Is there a way of knowing, in either service or gui mode, whether you have work waiting to be uploaded? Can the client be altered to save work completed to that point in time in the event of shutdown?

Another question, how do you shutdown the GUI client?

Googs, problems continue for me too as I found another machine (XP2400 @ 2.2Ghz) sitting idle this morning, hadn't crunched anything for around 12 hours :( Probably have to start easing the overclocks soon too as it's finally starting to warm up after winter :D

I'm thinking of changing over my dedicated machines to GUI, to see if that is any better.

Barry

michaelgarvie
09-14-2004, 04:22 PM
Two things.

The bug making idle clients has been fixed.

IBM's JVM may be slightly faster than Sun's Server VM. It's worth a try.

maharius
10-13-2004, 05:53 AM
Is there a way of knowing, in either service or gui mode, whether you have work waiting to be uploaded?
Hi,

With all the recent outages, it might come in handy to have an answer to the above...

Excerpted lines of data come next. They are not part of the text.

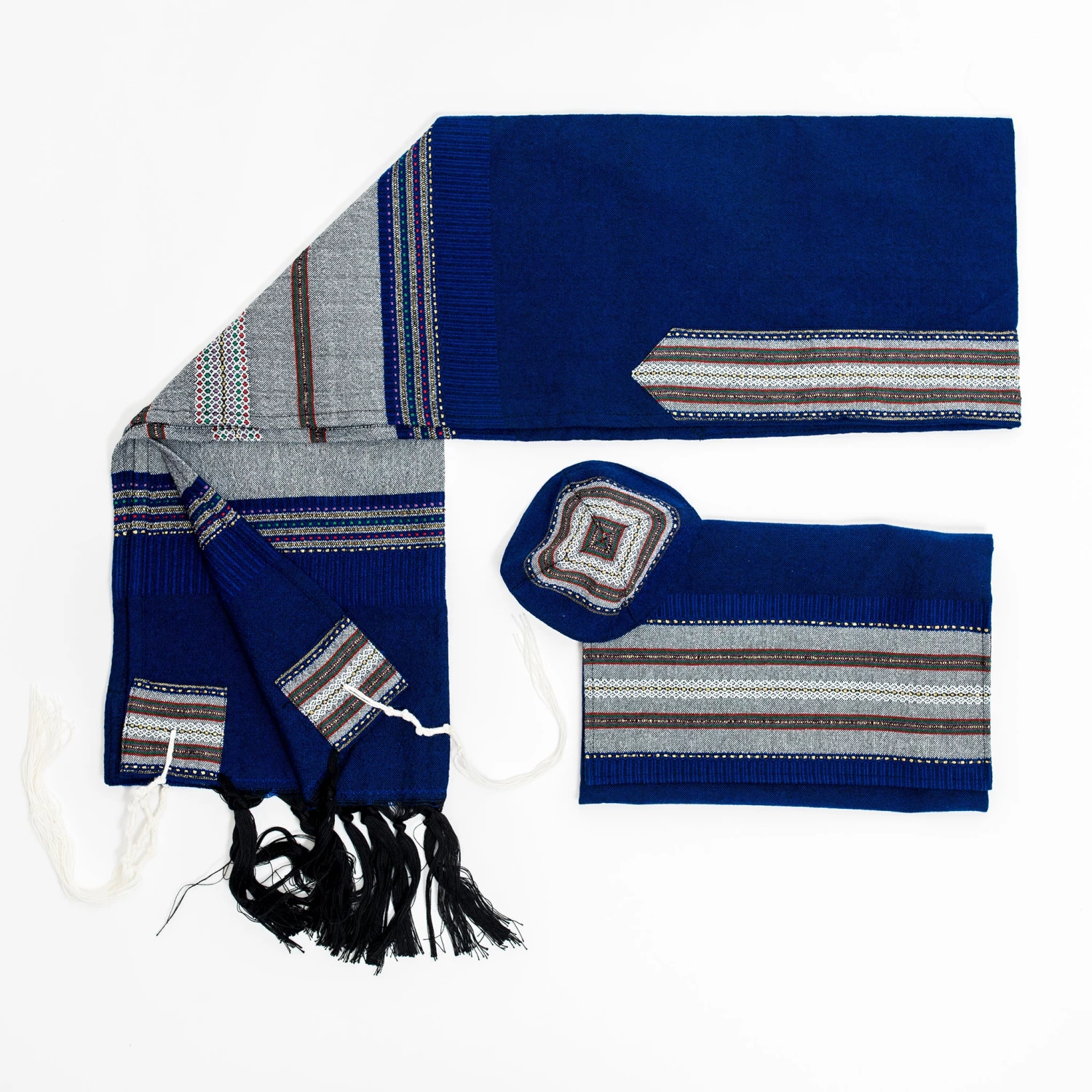Gabrieli tallits are hand woven in our studio in Israel by our experienced tapestry artisans. We use the finest materials to ensure a finished product of the highest standard. All Gabrieli tallits are sold as a set that includes a matching kippah and tallit bag along with the tallit itself.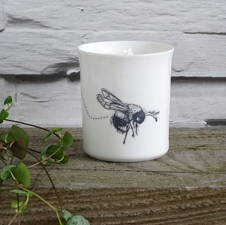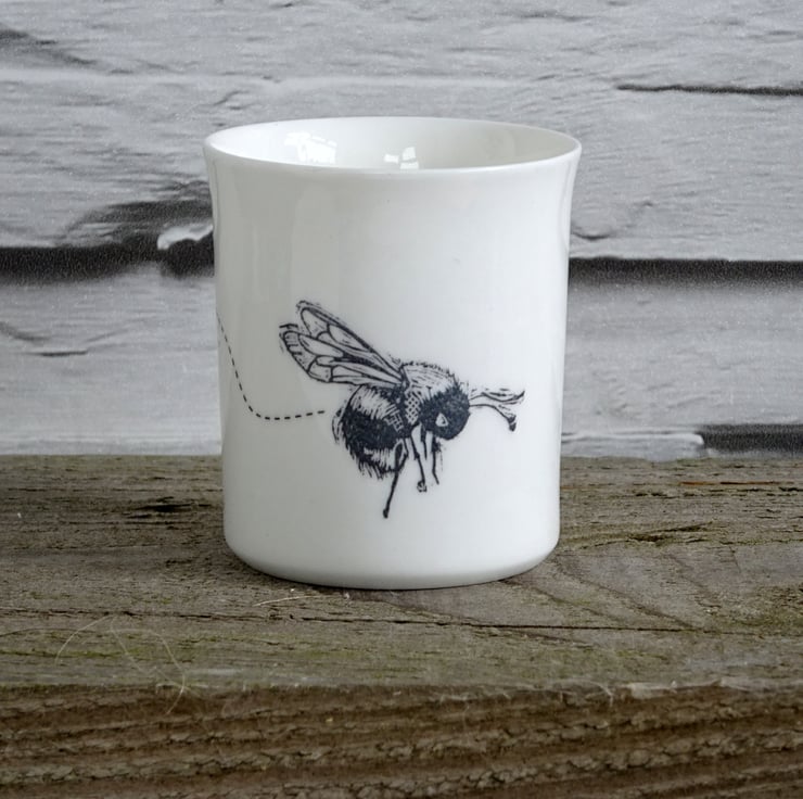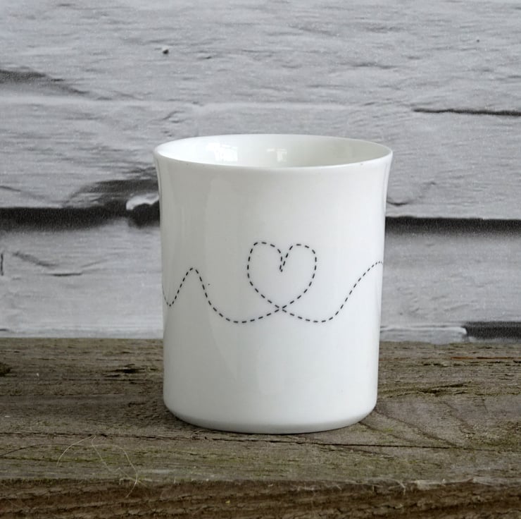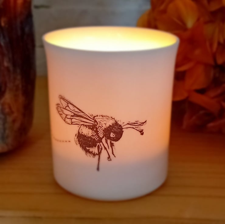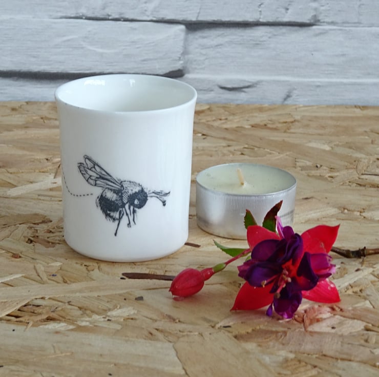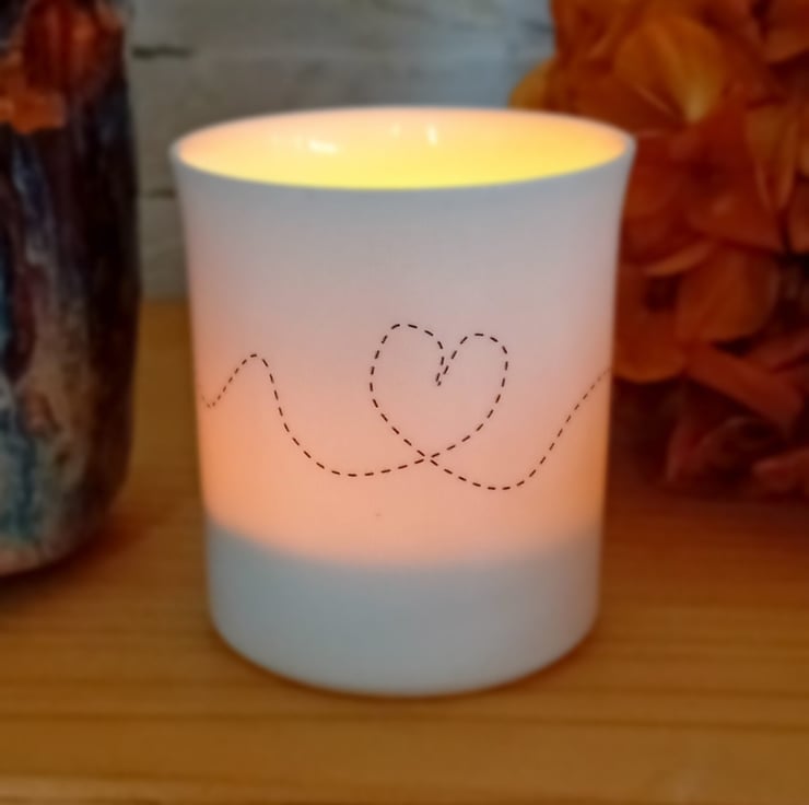 This stylish white ceramic tea light holder is decorated with a lino cut bee and cute heart.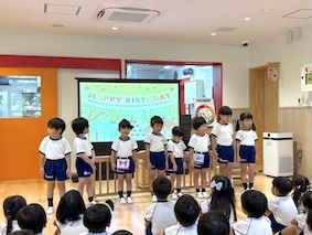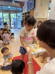 今月は、お誕生日のお友だちが多いので乳児クラスと、幼児クラスに分かれて行いました。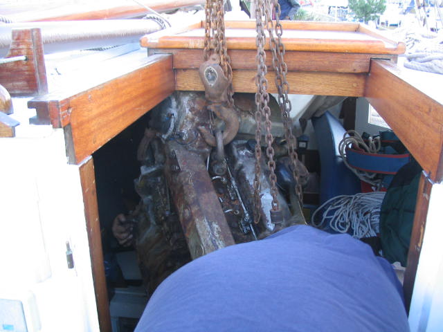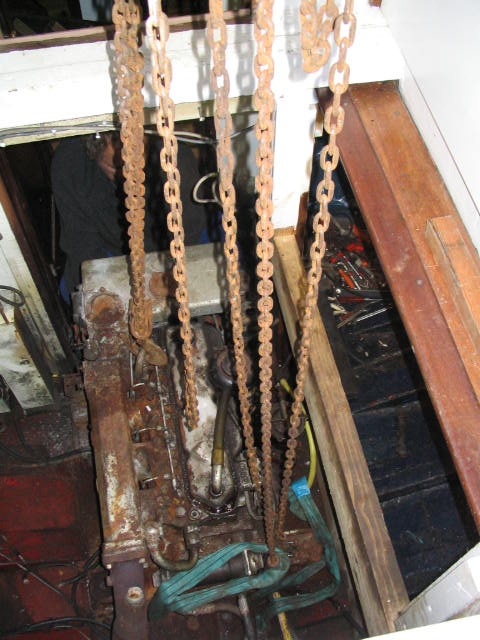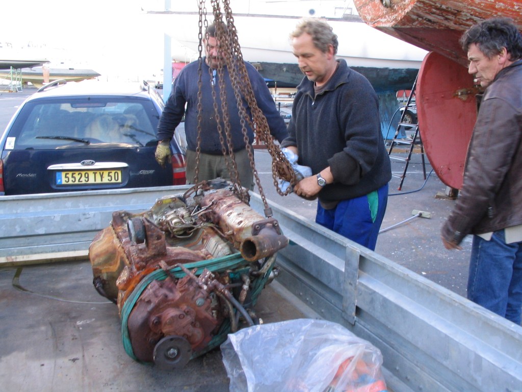 Travaux CDS III 2/5 – 15 novembre 2007 – Débarquement du moteur, décapage du tableau arrière.

must... get... more... points

michaelgarvie
10-13-2004, 10:10 AM
Is there a way of knowing, in either service or gui mode, whether you have work waiting to be uploaded?

Easy answer: YES
How: if you have the GUI mode and the best of your population is better than the one displayed in the current goal stats (http://www.informatics.sussex.ac.uk/users/mmg20/dhe/statsGoal.php) then your island is hosting a circuit better than any seen so far - probably the best solution to the problem ever evolved.
What to do:
1) Keep the client going until server restarts.
2) Copy the genotype (<g>sdjkskjdfhkjsdfh</g>) and email it to me or post it in this forum.

Complicated answer: It's not so simple. Your island may host genetic material that at the moment is not extremely fit but holds to key to find a whole array of good solutions.
What to do: Contact me ASAP when the server goes down and try to keep your client running until then!
However: It's all a stochastic process in the end, so upon losing connection and gaining it you may immediately find a great solution anyway.

Important:
If you have lost connection with the server, you have an individual fitter than the one in the current goal stats (http://www.informatics.sussex.ac.uk/users/mmg20/dhe/statsGoal.php), and you have to stop the client then please do copy the genotype (<g>sdjkskjdfhkjsdfh</g>) and email it to me or post it in this forum. You will be credited with the relevant stats.

PS: workload packets are submitted every i minutes where i is the configurable interaction time.